Moriti Neto (*)
Para quem vê o programa CQC, da TV Bandeirantes, como mistura de jornalismo e humorístico, de cara, largo duas perguntas: depois da tremenda barulheira causada pela pseudo-entrevista do deputado federal Jair Bolsonaro (PP-RJ) no dia 28 de março, pode-se dizer que aquilo é jornalismo? E sobre o tal humor? Eu, sinceramente, não consegui rir até agora.
Todos que são razoavelmente informados politicamente sabem das posições ultra-reacionárias do parlamentar em questão. Jair Bolsonaro foi capitão do exército e confessa ter saudade da ditadura militar. É preconceituoso ao extremo. Por exemplo, manifesta-se, sempre virulento, contra a união civil entre casais homossexuais, o debate sobre homossexualidade na escola e dá sinais óbvios de racismo – não foi só contra Preta Gil que o sujeito destilou o veneno discriminatório de raça, pois muitas vezes já se declarou contra o sistema de cotas, dizendo que jamais permitiria que um médico negro, formado como cotista, colocasse as mãos nele. Sendo assim, o que a brilhante equipe do CQC esperava?
No início do programa, o ex-professor Tibúrcio, Marcelo Tas, já anunciava que viria uma entrevista com “o deputado mais polêmico do Brasil”. No fim da “obra-prima”, dando o tradicional migué, Tas diria, com cara de “susto”: “Prefiro acreditar que o Bolsonaro não entendeu a pergunta”, referindo-se a resposta dada a Preta Gil. Contudo, no dia seguinte, em entrevista ao Terra Magazine, o líder do CQC observou o seguinte: “Entendi que Bolsonaro fez duas coisas que faz com recorrência: declarou seu profundo apoio à ditadura militar e manifestou dois preconceitos, contra os negros e contra os gays”. Então, cadê a surpresa, meu caro? Onde está o jornalismo? Ou mesmo o humor, a tal ironia que joga luzes a temas relevantes, porém com leveza?

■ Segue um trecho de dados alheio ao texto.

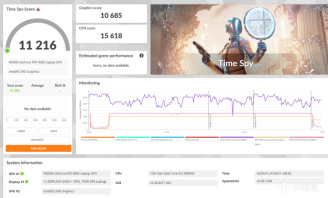 從3dmark跑分來看,顯卡方面,雖然4060距離桌面級3080ti還是有一定差距,但強大的CPU以及優秀的硬件調教以及40系新顯卡的獨家優化使得遊戲體驗不輸筆者的臺式機,它的定位依然是網遊遊戲本。
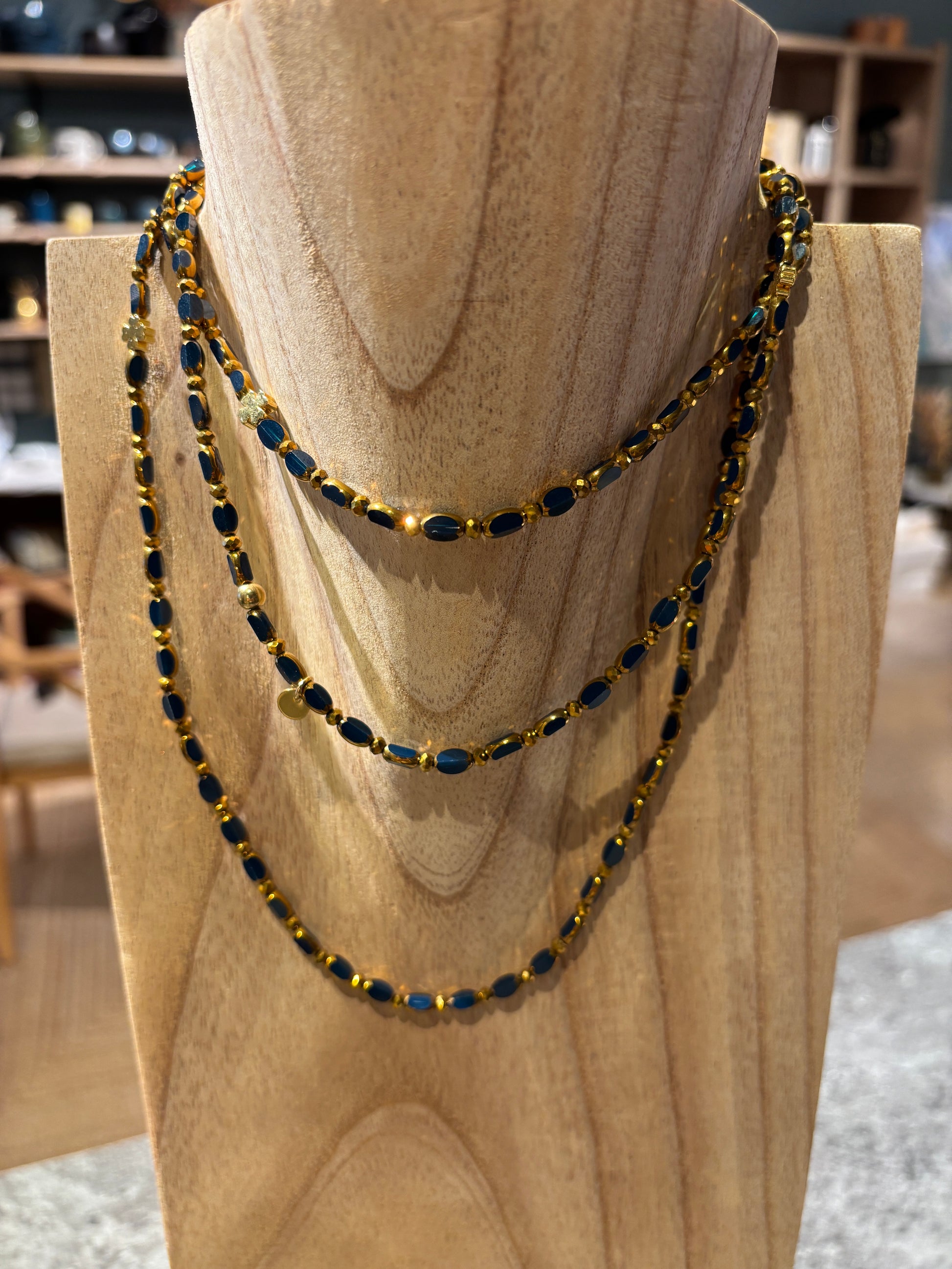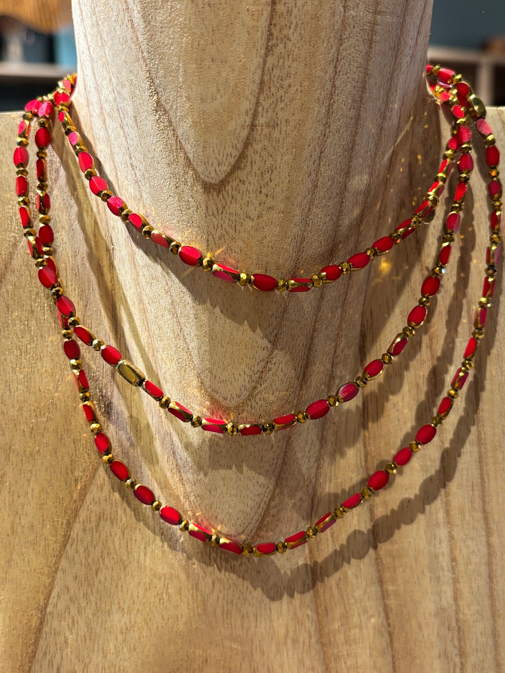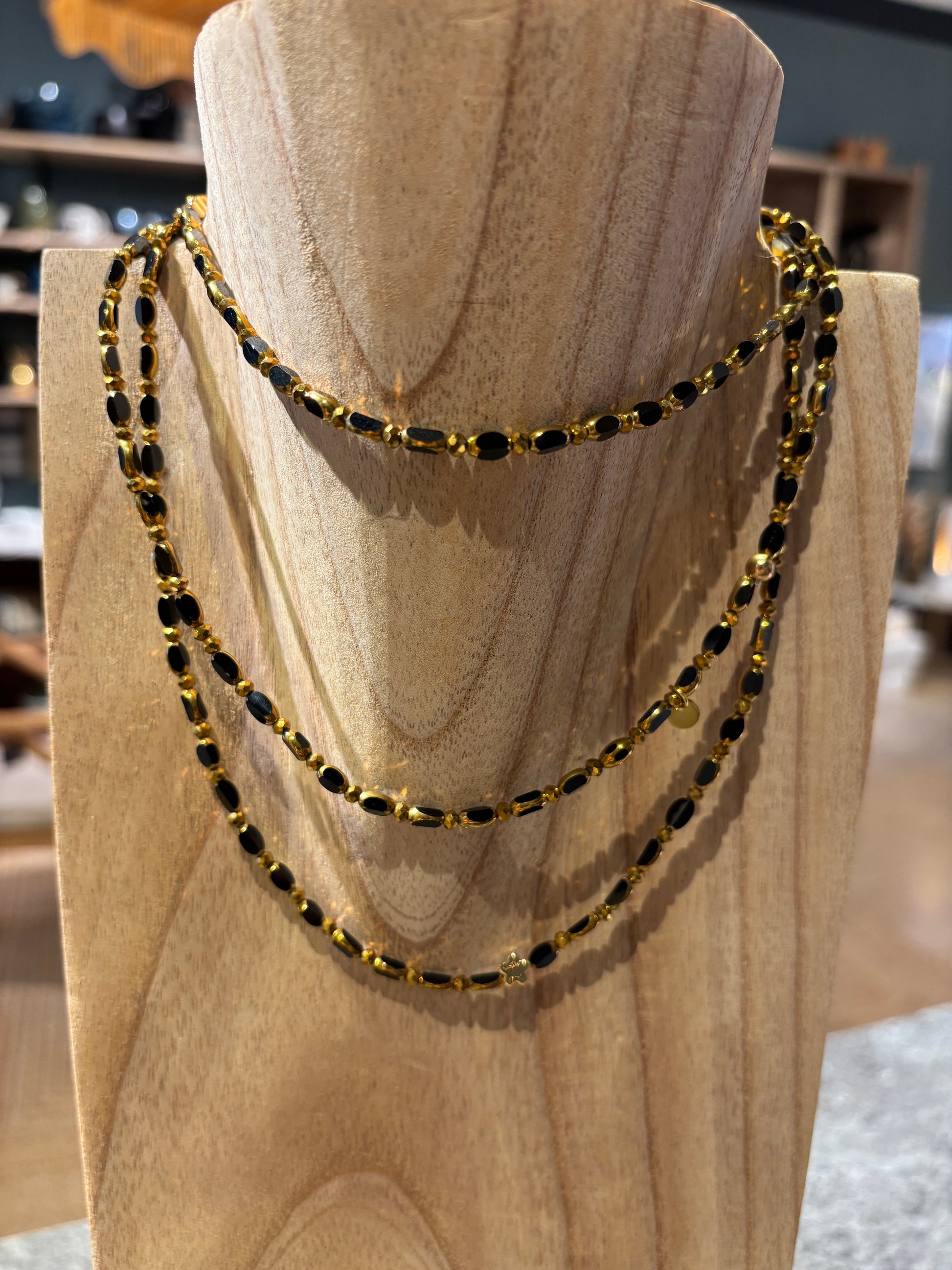 Chaque collier est confectionné perle par perle, à la main par une créatrice basée à St Didier au-Mont-D'or. Peut se transformer en sautoir, collier et bracelet
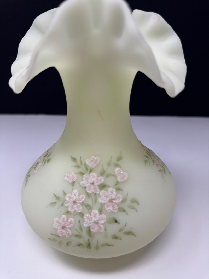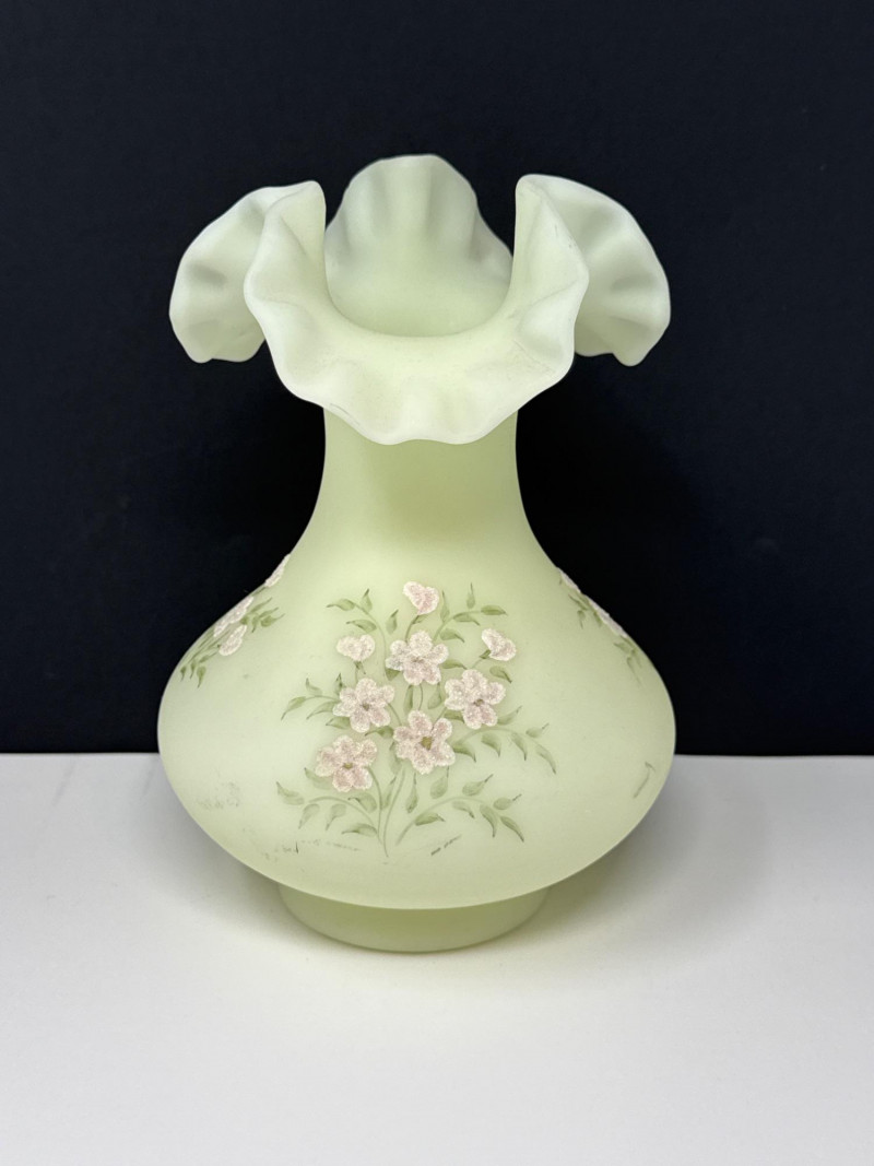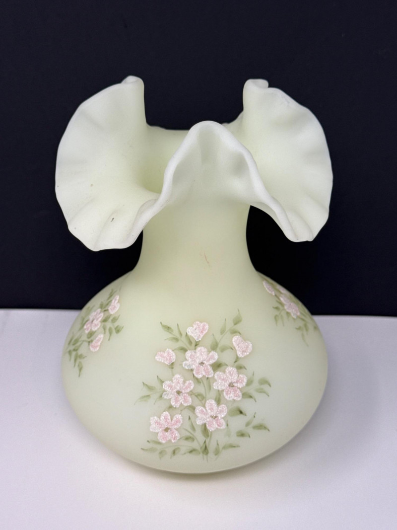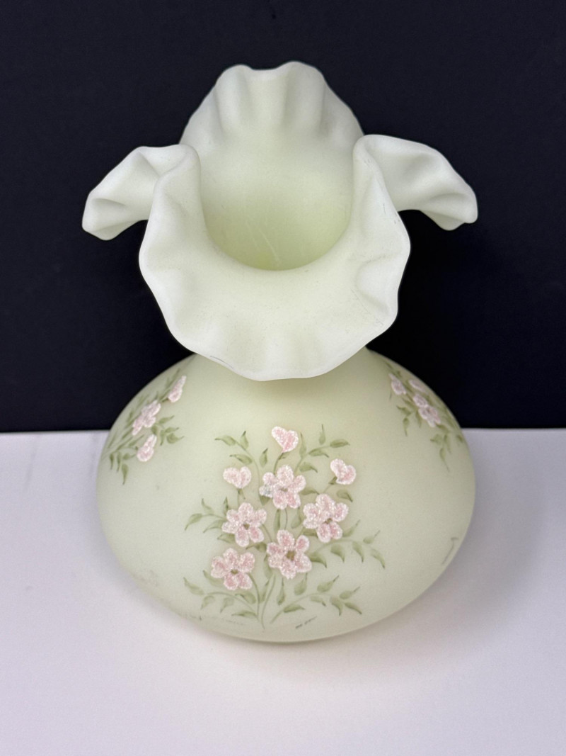 Vintage Fenton Hand-Painted Custard Glass Vase by Joan Edwards
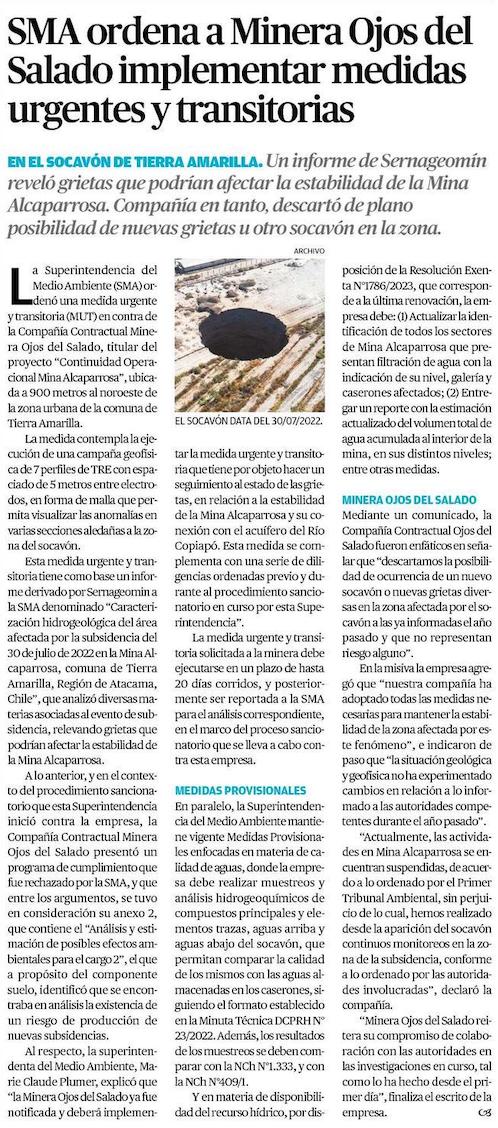 SMA ordena medida urgente y transitoria a Minera Ojos del Salado tras socavón en Tierra Amarilla - (mch.cl)
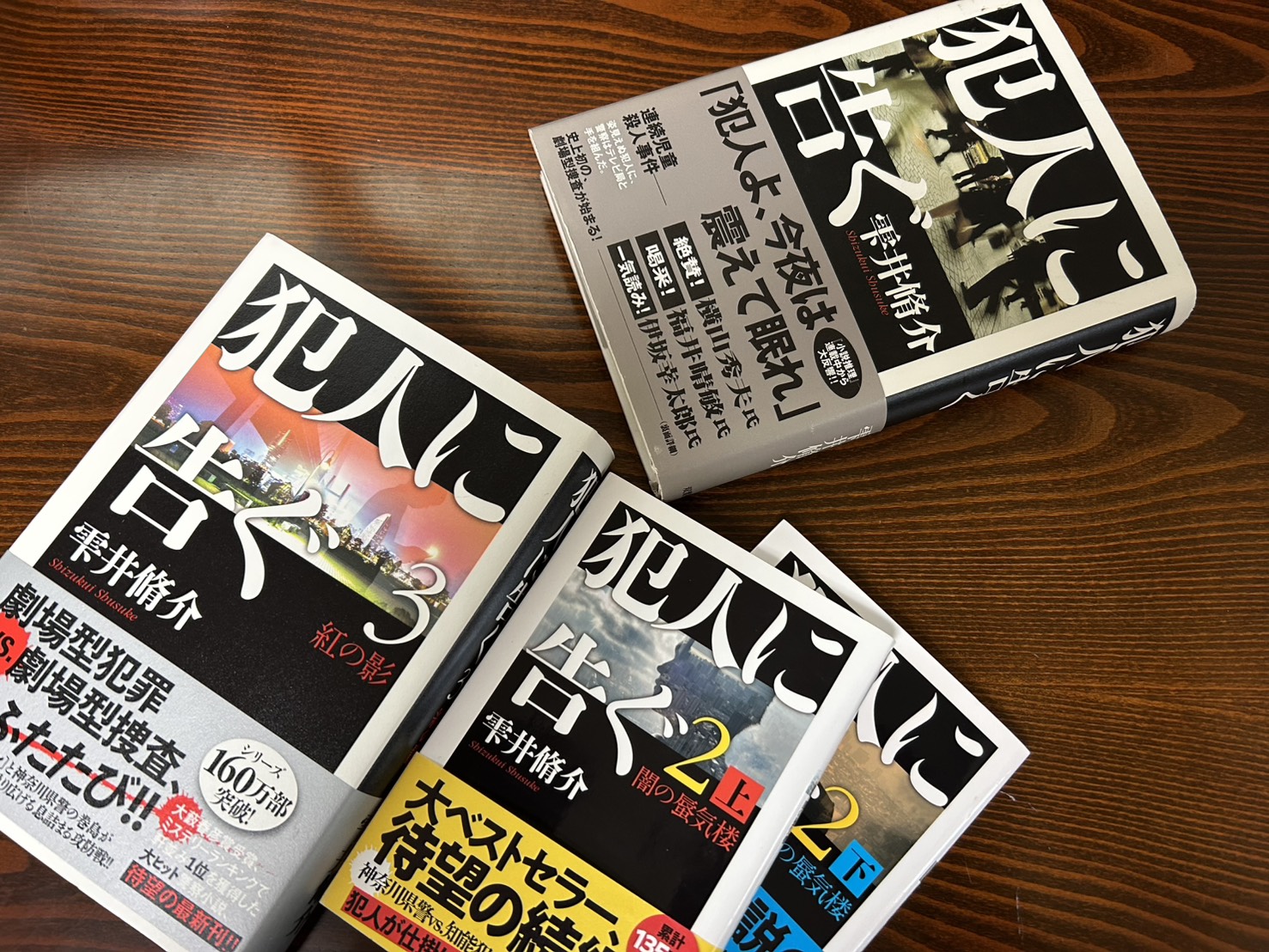 至福の時 熊本市 2025.12.30 こちらはこれまでに読了した 『犯人に告ぐ 」シリーズ①〜③です。 著者の 雫井脩介 さんらしい緻密な構成で、神奈川県警の巻島と犯人がメディアを介して繰り広げる心理戦は、従来の警察小説とは一線を画す斬新さがあります。 先日TSUTAYAで最新作となるシリーズ④を見かけ、読む前に改めて3作品を年末年始に読み返そうと思いました。 例年、近現代史の本を手に取ることが多いのですが、この年末年始は少し肩の力を抜き、物語の世界に浸ってリラックスしたいと思います。

De leveza não houve nada. A situação foi pesada. Clima ruim. Foram traídos todos os princípios do bom jornalismo e, se havia intenção de fazer piada, pouca gente riu – talvez só os que lucraram com o ibope gerado em torno da polêmica que, de fato, foi urdida minuciosamente. Senão, porque escolher Preta Gil para fazer a pergunta final? Se o objetivo era provocar debate, “jogar luz” nas discussões, por que não levar ativistas homossexuais e negros para responder com fundamento as imbecilidades proferidas pelo “entrevistado”?
Simples. O intuito era “jogar luz” numa coisa apenas: audiência. Ainda que ela fosse trazida das palavras de um cretino que praticou crimes – morais e éticos – de racismo e preconceito, em rede de projeção nacional. E o CQC deu palco a isso. Foi palanque de um discurso torpe, disseminador do preconceito racial e da homofobia, pois não esqueçamos que mais de 120 mil brasileiros elegeram Bolsonaro ao atual mandato e que figuras assemelhadas transitam pelo Congresso Nacional e outras casas legislativas Brasil afora.
E, se o deputado praticou ato criminoso, o CQC e a Bandeirantes também o fizeram? Tas já andou dizendo que as críticas feitas ao programa por movimentos e ativistas são tão preconceituosas quanto às palavras do parlamentar. Tergiversação, senhor ex-professor Tibúrcio. Não desvie o foco. Os protestos não têm base no preconceito, mas nos crimes que o programa e a emissora ajudaram a cometer.
Com a precipitada trama, o CQC não traiu só os princípios do bom jornalismo. Traiu a Constituição Federal no que tange ao Capitulo V, sobre Comunicação Social. Estimulou sentimentos de dissensão na sociedade brasileira ao abordar tais temas a partir dos grunhidos de uma pessoa desqualificada, fornecendo-lhe uma concessão pública como espaço para propagá-los. Não houve debate algum. Somente gritaria rasteira.
Moriti Neto é jornalista e colunista do Nota de Rodapé.